### [EXERCISE DETAILS]
Please copy the entries below word for word, leaving out any image.

(Recorded data)
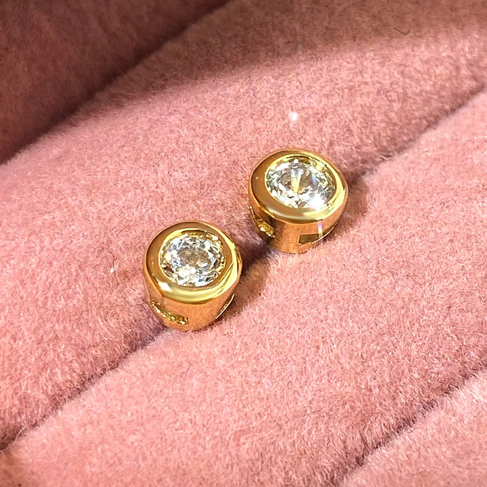 ต่างหูแบบติดหูทรงกลมเล็ก ดีไซน์เรียบง่าย แฟชั่น ชุบทอง 18K ประดับเพชรซิคอน กันน้ำ สำหรับผู้หญิง
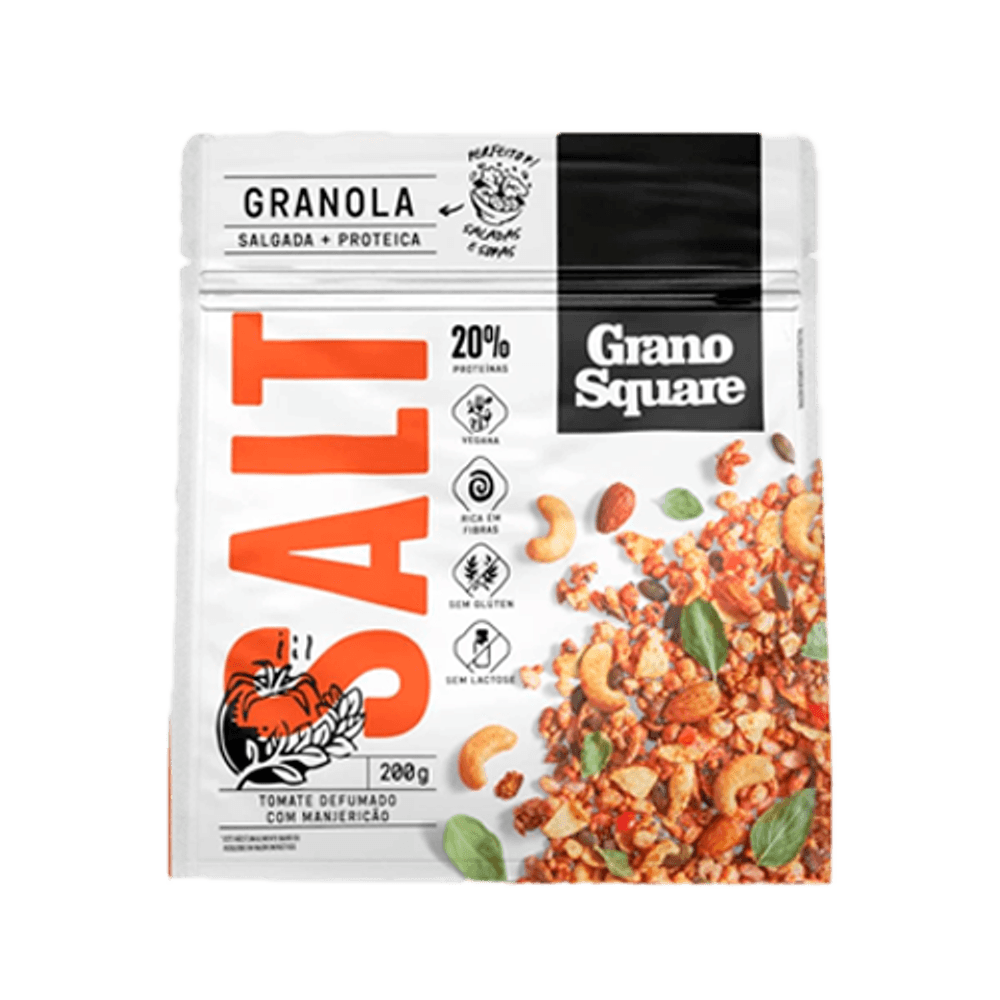 A Granola Salt Tomate com Manjericão GranoSquare é a escolha perfeita para adicionar um toque saudável e delicioso a saladas, sopas e cremes.  A Granola Salt Tomate com Manjericão GranoSquare é rica em proteínas veganas e fibras, contribuindo para refeições equilibradas que proporcionam saciedade prolongada. Uma escolha inteligente para quem busca sabor e bem-estar em cada refeição. Ingredientes: Mix de sementes (girassol, abóbora, linhaça e gergelim preto), mix de cereais (flocos de arroz e milho), fibra de tapioca, mix de flocos proteicos (proteína texturizada de ervilha e crispies de quinoa), mix de nuts (castanha de caju e amêndoa), tomate desidratado, óleo de coco virgem, manjericão liofilizado, sementes de urucum em pó, sal marinho, extrato de levedura, extrato de alecrim e aromas naturais. NÃO CONTÉM GLÚTEN.CONTÉM CASTANHA DE CAJU E AMÊNDOA. PODE CONTER CASTANHA DO PARÁ, NOZES E AMENDOIM.  Sobre a marca: GranoSquare foi criada com muito amor e carinho desde o início.Uma receita única, desenvolvida dentro da nossa casa para agradar à um marido devorador de granolas!O resultado foi tão surpreendente e delicioso que logo caiu no gosto de toda família e dos amigos e hoje, 9 anos depois, no de milhares de brasileiros que a devoram diariamente.Nos demos conta de que mudamos o mercado nacional de granolas. Nos tornamos referência e conseguimos inspirar até grandes marcas que já existem há muito tempo.Isso é incrível e nos deixa muito realizados!Temos paixão por GRANOLA por ser um alimento nutritivo, saudável, versátil, prático, que a gente torna extremamente saboroso e faz todo mundo querer comer todos dias em diversos momentos!Da nossa casa, para sua casa e para o mundo! Essa é nossa história, esse é o nosso sonho! Sobre a Boomi: A Boomi é  um mercado online com produtos saudáveis e sustentáveis, que fazem bem à saúde e ao planeta. São mais de 3.500 produtos de 150 pequenas marcas para você!Nascemos pequenos, mas com um propósito gigante: conectar pessoas a produtos acessíveis que tragam benefícios para a saúde, para o planeta e para a sociedade. Para isso, buscamos ofertar produtos de pequenos agricultores e pequenas empresas em um mundo cada vez mais veloz e que busca mais produtividade. Vamos sempre buscar levar o melhor para você!Nosso propósito é conectar alimentos saudáveis e produtos naturais e sustentáveis a pessoas preocupadas com a sua saúde e com a saúde do planeta. Com preço justo, comodidade e informações confiáveis.Curadoria: Nossos produtos são criteriosamente validados pela nossa curadoria de produtos saudáveis, que busca produtores e empresas que compartilham do nosso alto padrão de qualidade. Da enorme lista de ingredientes banidos à preocupação do bem estar animal, desde o primeiro dia seguimos fieis aos nossos valores, trabalhando com transparência e práticas sustentáveis. Vendemos apenas produtos que admiramos e que nos orgulha.
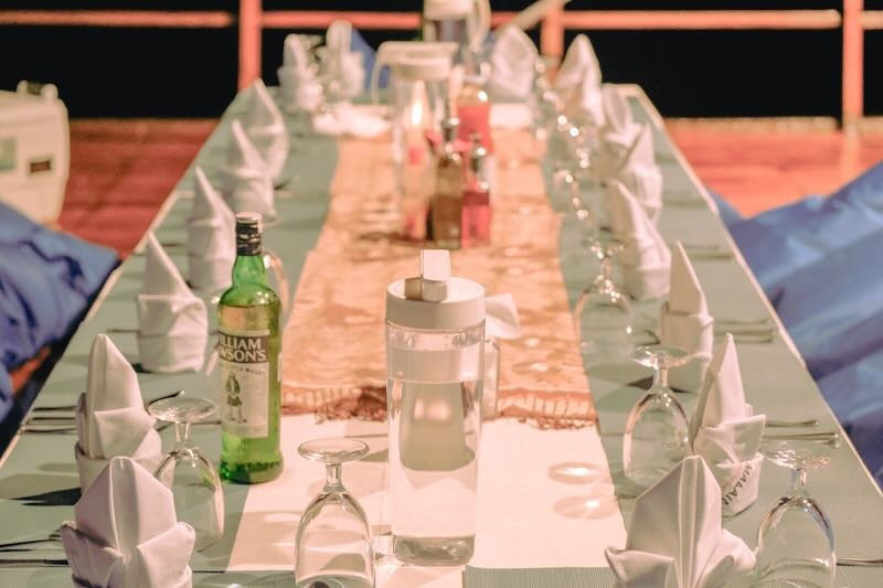 4 divers to 1 guide ratio creating a personalized service with professionally trained dive guides with Free Nitrox and enos diver beacons and dedicated dive deck that also welcomes non-divers. Satellite internet is available. Indoor and outdoor dining with a mix of Asian and Mediterranean Cuisine.
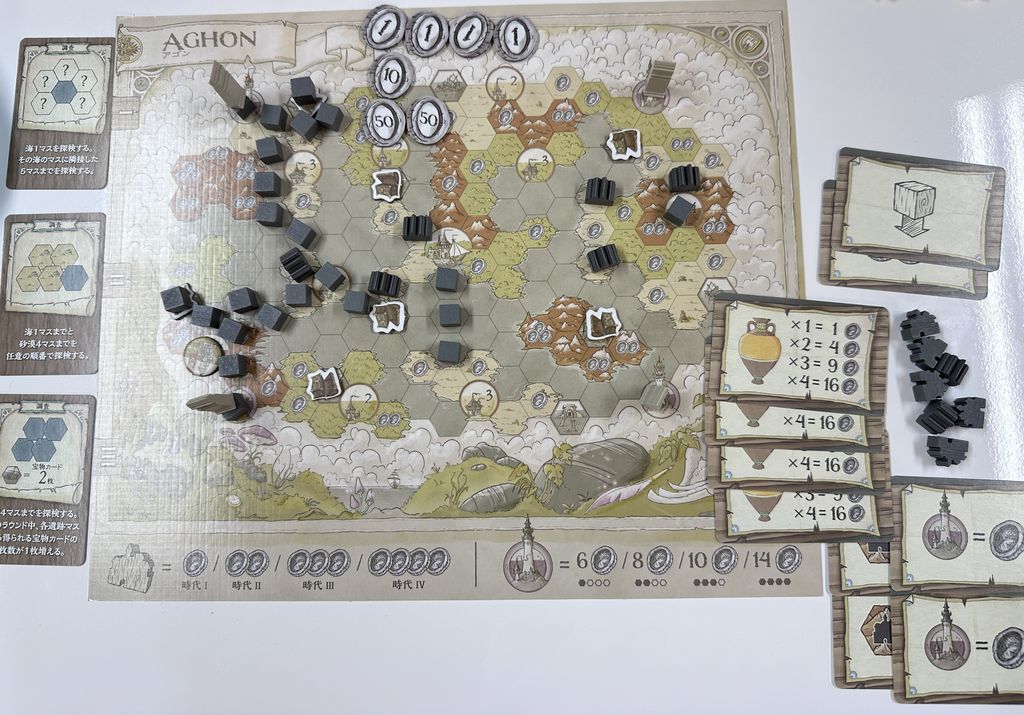特に1ラウンド目は、探索カード(進める場所とトークンの数が決まる)の枚数が少なく、配置条件によってほぼ選択肢が無いので楽しめません。(今回のカードのめくり順が最低だったのも原因。)
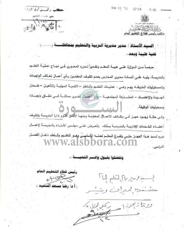 ارسلت وزارة التربية والتعليم فاكسا الى المديريات والادارات التعليمية تنبه على مديرى المدارس بعدم تكليف المعلمين بأى أعمال تخالف الواجبات والمسئوليات المنوطة بهم وهى: عمليات التعليم والتعلم، التنمية المهنية والتأهيل، ضمان الجودة والاعتماد، المشاركة المجتمعية، وأى أعمال أخرى مماثلة فى نطاق واجبات ومسئوليات الوظيفة.
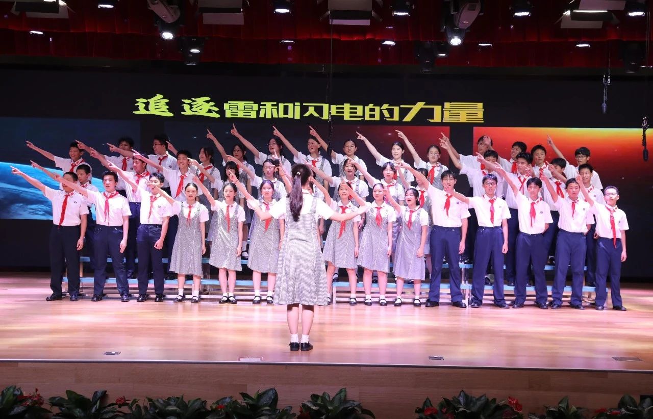 四十年栉风沐雨,学子们用歌声重温校园记忆。舞台上,学子们以多元形式诠释对母校的深情:他们将实验精神化作铿锵口号融入歌曲间奏,把《深圳实验的日子》歌词改编成班级专属的“青春日记”;用行动献礼校庆,以光影致敬岁月……从“唱一首歌”中领悟协作之美,到“登一次台”时绽放自信之美,再到“创一个作品”中雕琢匠心之美。“美育是温润心灵、涵养人格的慢艺术”,我们看到的不仅是今日舞台上的璀璨星光,更是实验学子未来人生中“认识美、热爱美、传播美”的种子正在生根发芽。
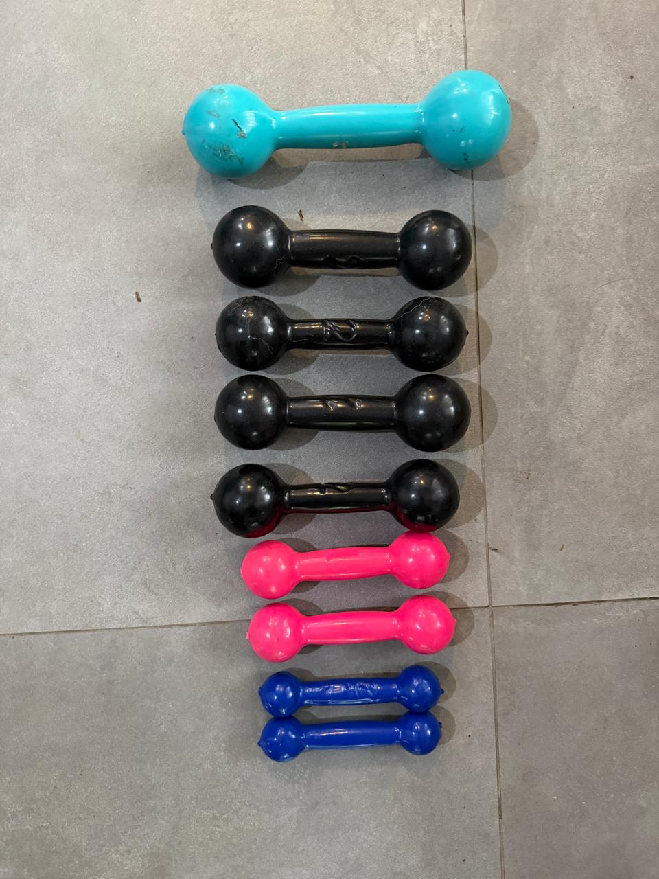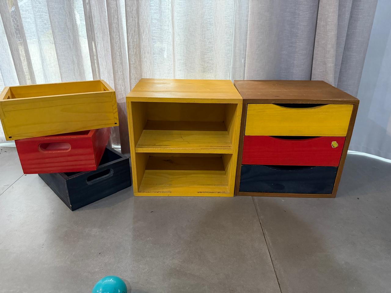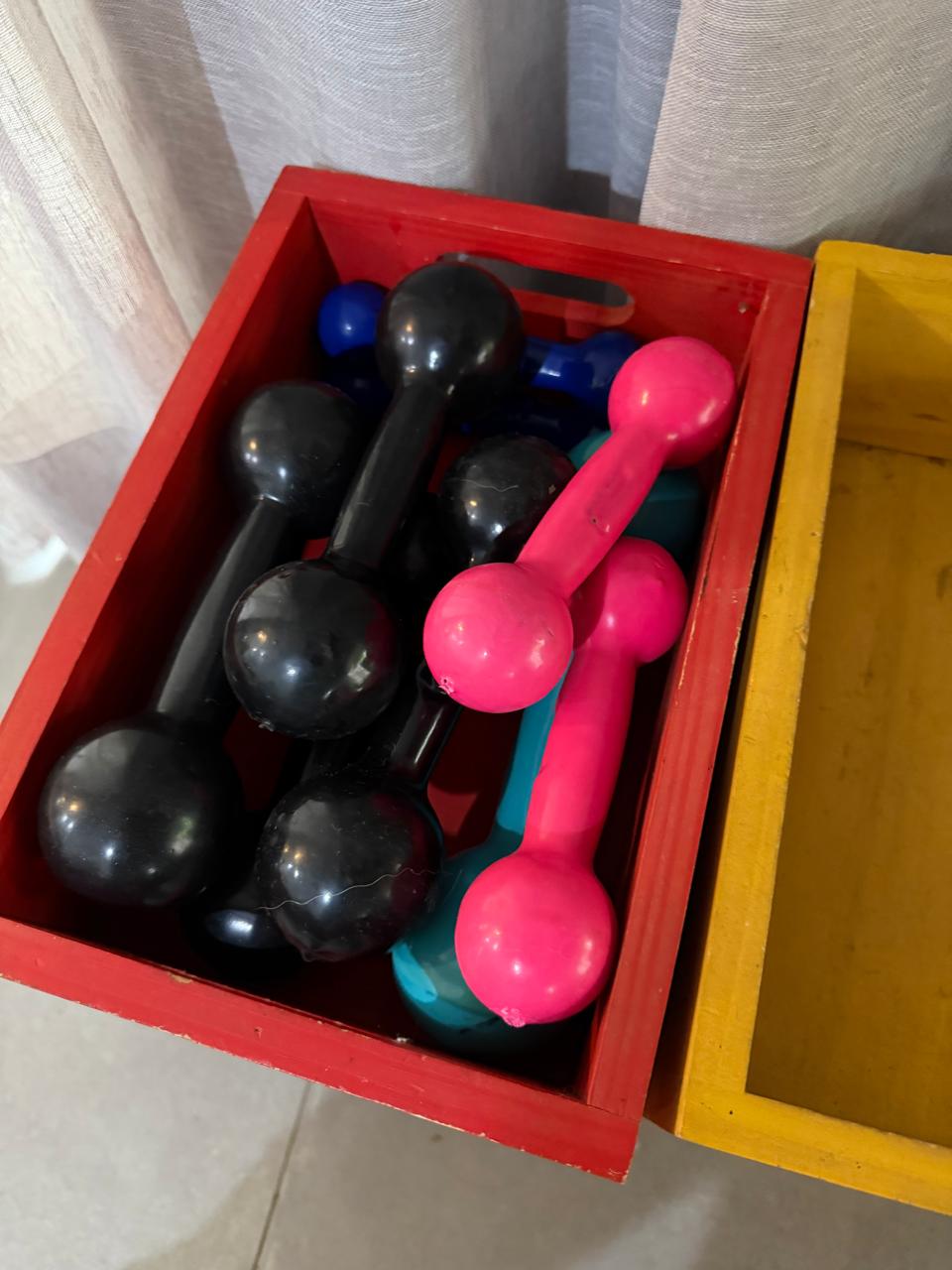 COMBO COLORIDO ! 3 MINI CAIXOTES + 1 MINI GAVETEIRO + 1 MINI ESTANTE – MADEIRA PINUS PINTADO + 9 HALTERES EMBORRACHADOS — A134.36
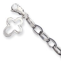 Sterling Silver Solid Polished Fancy Cross Anklet
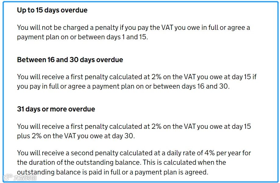 为了帮助企业适应新罚款规则,英国税局表示,企业在2023年1月-12月期间如果出现一次晚支付税局情况,并在到期日后30天内付清,将不会有罚金。

### [ANSWER SECTION]
 ต่างหูแบบติดหูทรงกลมเล็ก ดีไซน์เรียบง่าย แฟชั่น ชุบทอง 18K ประดับเพชรซิคอน กันน้ำ สำหรับผู้หญิง
 A Granola Salt Tomate com Manjericão GranoSquare é a escolha perfeita para adicionar um toque saudável e delicioso a saladas, sopas e cremes.  A Granola Salt Tomate com Manjericão GranoSquare é rica em proteínas veganas e fibras, contribuindo para refeições equilibradas que proporcionam saciedade prolongada. Uma escolha inteligente para quem busca sabor e bem-estar em cada refeição. Ingredientes: Mix de sementes (girassol, abóbora, linhaça e gergelim preto), mix de cereais (flocos de arroz e milho), fibra de tapioca, mix de flocos proteicos (proteína texturizada de ervilha e crispies de quinoa), mix de nuts (castanha de caju e amêndoa), tomate desidratado, óleo de coco virgem, manjericão liofilizado, sementes de urucum em pó, sal marinho, extrato de levedura, extrato de alecrim e aromas naturais. NÃO CONTÉM GLÚTEN.CONTÉM CASTANHA DE CAJU E AMÊNDOA. PODE CONTER CASTANHA DO PARÁ, NOZES E AMENDOIM.  Sobre a marca: GranoSquare foi criada com muito amor e carinho desde o início.Uma receita única, desenvolvida dentro da nossa casa para agradar à um marido devorador de granolas!O resultado foi tão surpreendente e delicioso que logo caiu no gosto de toda família e dos amigos e hoje, 9 anos depois, no de milhares de brasileiros que a devoram diariamente.Nos demos conta de que mudamos o mercado nacional de granolas. Nos tornamos referência e conseguimos inspirar até grandes marcas que já existem há muito tempo.Isso é incrível e nos deixa muito realizados!Temos paixão por GRANOLA por ser um alimento nutritivo, saudável, versátil, prático, que a gente torna extremamente saboroso e faz todo mundo querer comer todos dias em diversos momentos!Da nossa casa, para sua casa e para o mundo! Essa é nossa história, esse é o nosso sonho! Sobre a Boomi: A Boomi é  um mercado online com produtos saudáveis e sustentáveis, que fazem bem à saúde e ao planeta. São mais de 3.500 produtos de 150 pequenas marcas para você!Nascemos pequenos, mas com um propósito gigante: conectar pessoas a produtos acessíveis que tragam benefícios para a saúde, para o planeta e para a sociedade. Para isso, buscamos ofertar produtos de pequenos agricultores e pequenas empresas em um mundo cada vez mais veloz e que busca mais produtividade. Vamos sempre buscar levar o melhor para você!Nosso propósito é conectar alimentos saudáveis e produtos naturais e sustentáveis a pessoas preocupadas com a sua saúde e com a saúde do planeta. Com preço justo, comodidade e informações confiáveis.Curadoria: Nossos produtos são criteriosamente validados pela nossa curadoria de produtos saudáveis, que busca produtores e empresas que compartilham do nosso alto padrão de qualidade. Da enorme lista de ingredientes banidos à preocupação do bem estar animal, desde o primeiro dia seguimos fieis aos nossos valores, trabalhando com transparência e práticas sustentáveis. Vendemos apenas produtos que admiramos e que nos orgulha.
 4 divers to 1 guide ratio creating a personalized service with professionally trained dive guides with Free Nitrox and enos diver beacons and dedicated dive deck that also welcomes non-divers. Satellite internet is available. Indoor and outdoor dining with a mix of Asian and Mediterranean Cuisine.
特に1ラウンド目は、探索カード(進める場所とトークンの数が決まる)の枚数が少なく、配置条件によってほぼ選択肢が無いので楽しめません。(今回のカードのめくり順が最低だったのも原因。)
 ارسلت وزارة التربية والتعليم فاكسا الى المديريات والادارات التعليمية تنبه على مديرى المدارس بعدم تكليف المعلمين بأى أعمال تخالف الواجبات والمسئوليات المنوطة بهم وهى: عمليات التعليم والتعلم، التنمية المهنية والتأهيل، ضمان الجودة والاعتماد، المشاركة المجتمعية، وأى أعمال أخرى مماثلة فى نطاق واجبات ومسئوليات الوظيفة.
 四十年栉风沐雨,学子们用歌声重温校园记忆。舞台上,学子们以多元形式诠释对母校的深情:他们将实验精神化作铿锵口号融入歌曲间奏,把《深圳实验的日子》歌词改编成班级专属的“青春日记”;用行动献礼校庆,以光影致敬岁月……从“唱一首歌”中领悟协作之美,到“登一次台”时绽放自信之美,再到“创一个作品”中雕琢匠心之美。“美育是温润心灵、涵养人格的慢艺术”,我们看到的不仅是今日舞台上的璀璨星光,更是实验学子未来人生中“认识美、热爱美、传播美”的种子正在生根发芽。
 COMBO COLORIDO ! 3 MINI CAIXOTES + 1 MINI GAVETEIRO + 1 MINI ESTANTE – MADEIRA PINUS PINTADO + 9 HALTERES EMBORRACHADOS — A134.36
 Sterling Silver Solid Polished Fancy Cross Anklet
 为了帮助企业适应新罚款规则,英国税局表示,企业在2023年1月-12月期间如果出现一次晚支付税局情况,并在到期日后30天内付清,将不会有罚金。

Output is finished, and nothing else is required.